The mood had utterly vanished; Myron could never sustain rage against a beloved friend, especially when his position was untenable. “Oh, Carmine,” he wailed, “how did I wind up in the middle? I love
the girl and I hate to see her badgered, but she made me promise I’d try to get you to ease up on her.” He looked doleful. “But I can’t, can I? You’re not a Great Dane, you’re a bulldog.”
“This conversation’s gotten far too doggy.” Carmine handed him a Scotch. “Has it occurred to you that Erica is petrified at being handed Cornucopia? I don’t think she expected it, and I do think she’s afraid she won’t make the grade.”
The Scotch was going down smoothly. Carmine kept good liquor, though it was not a boozy house. “There’s that to it,” Myron admitted.
“She’d believe you way sooner than me, so why don’t you tell her to cool her jets? It’s my experience of mighty undertakings like corporations and governments that they tend to run themselves. The problems start when people interfere with the running, you must know that. Cornucopia has rolled along for years and years, just like the river in the song. She should just let it keep on rolling.”
“You’d run it better than any of us,” Myron said.
“Me? No! According to the girl you love, I’m too insatiably curious, and she’s right. I’d spend all my time poking and prying into what shouldn’t concern me.”
“Are you eating with us, Myron?” Desdemona asked. “It’s a rib roast, and there’s plenty.”
He groaned. “I wish I could, but I have to get back to Erica.” The last of the Scotch disappeared. Myron rose to his feet and stood looking at them a little disconsolately. “I wish things could go on the way they used to,” he said wistfully, “but they can’t, can they?”
“That’s life,” said Desdemona, and laughed. “How’s that for corny?
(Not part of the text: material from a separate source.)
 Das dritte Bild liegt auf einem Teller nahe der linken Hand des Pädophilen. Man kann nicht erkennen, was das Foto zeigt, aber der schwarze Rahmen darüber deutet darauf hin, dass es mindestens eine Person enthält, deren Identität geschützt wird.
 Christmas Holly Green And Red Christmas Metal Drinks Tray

Never you mind, Myron dear. Things will settle down.”
“But they won’t,” she said to Carmine later, when some of the rib roast had been devoured. “If only I could like her! I can’t, you know. She’s so brittle, though brittle I could manage if it weren’t for the coldness. She’ll break poor Myron’s heart.”
“Maybe not,” said Carmine, feeling the optimism that went with a full stomach of good food. “I think he’s fascinated by all the things
in her we dislike. He’s fifty years old, lovely lady, and ready for a bitch. Erica’s a phase.”
“Do you think so? Truly?”
“Yes, I do.”
“Is shepherd’s pie all right for the leftover roast?” she asked. “I got a big one because Sophia said she’d be in, and have two friends sleeping over.”
That irritation flared up again. Carmine scowled. “It may be high time to have a word with my daughter,” he said.
“No, Carmine, don’t! There will be a good reason, I’m sure of it,” said Desdemona.
As if on cue, Sophia burst through the front door wide-eyed and white. “Daddy!” she cried, going straight to him. “Someone locked me in the physics lab closet!”
See, what did I tell you? Desdemona’s eyes were saying, but Carmine held Sophia off and looked at her closely. She was a little disheveled, and her fright was genuine. “Do you know how it happened, honey?” he asked.
“No, that’s just it! It shouldn’t have! No one ever locks that closet!” She shivered, shrank against him. “I could hear someone on the other side walking up and down, and something thumping on the floor. Daddy, I don’t know why, but I was sure he was after
me!
I was on tidy-up duty, everyone saw me going back and forth to the closet. At first I thought it was a joke, then I heard the walking and I got this awful feeling!”